Через пару дней мы нашли уже правильную, хорошо натоптанную тропу до Шербилинга. Шли, наслаждаясь ботаническим садом вокруг. Попали на вечернюю молитву и опять ушли с полными руками угощений. Вперемешку на ковричках во время службы сидели тибетцы, европейцы-завсегдатаи, поющие мантры вместе с всеми на тибетском, и тут же валялись собаки. Европейцам рады. Один дядечка-тибетец, сидевший рядом с нами, взялся нас опекать, услал монаха за подарками. В конце службы монахи обошли всех с огромными подносами сладостей, такое своего рода причастие.

Ощущение контраста с нашей церковью. В нашу церковь приносишь, из тибетского монастыря уходишь с угощениями. В нашей церкви нужно соблюдать кучу приличий, тут напротив, чувствуешь себя совершенно раскованно. В тибетском храме тебя принимают таким, какой ты есть. Можешь ходить, заглядывать в любые уголки, спрашивать, фотографировать, приводить собаку, можешь просто поваляться где-нибудь, если тебе захочется, побыть, почувствовать. Совершенно не обязательно делать благочестивое лицо, и никто тебе не скажет «Ты же в церкви!» Ты есть — и хорошо.

Амритсар.

Город сикхов, где нет ни одной коровы. Ничем не примечательный за исключением комплекса «Golden Temple», за покушение на котрый Индира Ганди поплатилась жизнью. При входе в комплекс нужно снять обувь и омыть ноги в общей ванне. Мы смирились с тем, что грибка на пятках нам не избежать, но вода в ванне оказалась проточной и не такой уж страшной, а территория очень чистой, несмотря на тысячи посетителей. В обуви не только нельзя проходить, но ее нельзя и проносить. Причем не только обувь, но и носки.
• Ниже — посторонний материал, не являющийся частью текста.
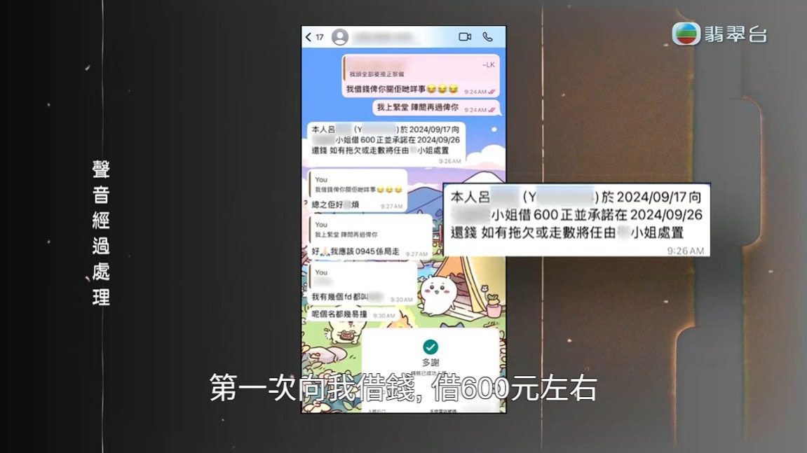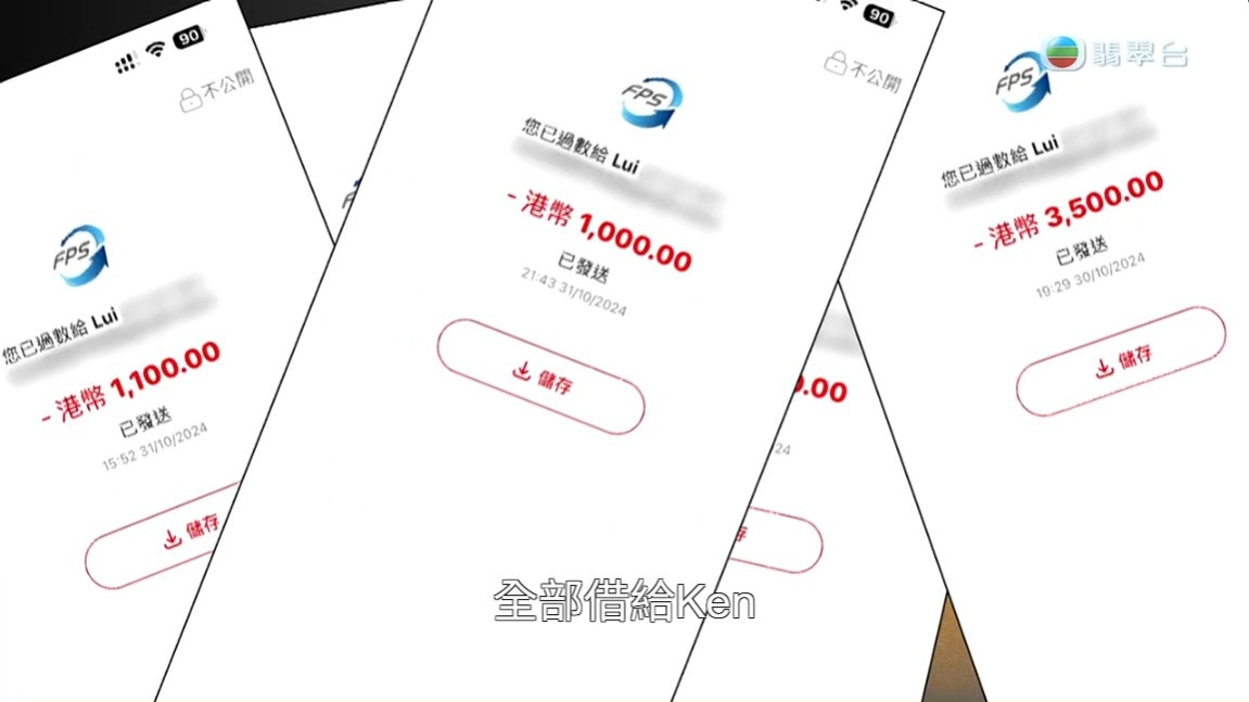 可是,在一起一個月後Ken就慢慢露出真面目,向Elaine表示自己錢包掉了,所以問她借錢,由起初的幾百元,到後期帶Elaine到財務公司借錢,一切都有舖排。Ken藉口媽媽在內地心臟病發要急救,於是向Elaine借錢,更立下借據,Elaine把自己辛苦儲下的7萬多全借了給Ken,但他仍然覺得不夠,最後還向Elaine表示:「佢話佢媽咪過咗身,要做身後事,要做帛金。」而Elaine的媽媽聽到後就覺得很奇怪,因為Ken不停向Elaine借錢。雖然最後Elaine有借錢予Ken,但他繼續表示不夠,及後造就了Elaine向財務公司借了10萬元:「去財務公司第一次係借咗10萬元先嘅,佢就叫我再去其他地方借,嗰度總共50幾萬。」

Лапти в камере хранения принимают с большим к ним почтением.

Обычно за посещение индийских достопримечательностей (за исключением тибетских храмов) ты должен платить, часто платить дорого, платить за фото и видеосъемку. В Golden Temple все наоборот. Тут можно бесплатно отдыхать, бесплатно жить в гостинице при комплексе (правда иностранцу только до трех дней), бесплатно есть и пить. Это Мекка сикхов, очень святое для них место, и каждый вошедший может пользоваться всеми его благами. Можно купаться в священном водоеме, окружающем золотой храм. Для этого все устроено, ступени в воду, цепи, чтобы могли держаться те, кто не умеет плавать, отгороженная ажурной стеной часть для женщин. Но мы не рискнули.
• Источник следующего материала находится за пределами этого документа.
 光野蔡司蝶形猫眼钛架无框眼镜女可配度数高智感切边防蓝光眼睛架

Огромные крытые залы с истертыми коврами для отдыха. Приходи, спи. И просто в голове не укладывающееся помещение для бесплатного обеда. Туда весь день идет бесконечный, ни на секунду не прекращающийся поток из тысяч и тысяч посетителей. Конвеер из человеческих рук, передающий грязные тарелки, сбрасывающий с них остатки пищи, моющий их сначала в воде с порошком, затем ополаскивающей в чистой, передающий дальше мелькает с такой быстротой, что останавливаешься и смотришь на это, как завороженный. Что творится у них на кухне — я не видела, но могу только представить. На улице чистят огромные горы лука, чеснока и перца, провожая тебя красными слезящимися глазами. Нас тоже зазывали поесть, говоря, что это специальная еда, отведав которой ты выказываешь уважение к их богам. Но мы были только из ресторана, потому физически были не в состоянии выказать это уважение. А вся крыша столовой, куда мы забрались, была устелена грудами чапати. Смысла этого мы так и не поняли, то ли дар богам, то ли птицам.

Меня мучило любопытство, что же у молодых сикхов за выпуклось над лбом под банданой. У одних она больше, у других меньше. Оказалось там вот что.

Церемония закрытия индо-пакистанской границы в Аттари.

Черт нас дернул поехать на церемонию закрытия индо-пакистанской границы в Аттари, отмеченную в Lonely Planet как явление, равное по своей важности Тадж Махалу, империи Хампи и храмам Каджурахо. Впрочем, это явление действительно великое по своей внешней абсурдности и, видимо, глубокому внутреннему смыслу.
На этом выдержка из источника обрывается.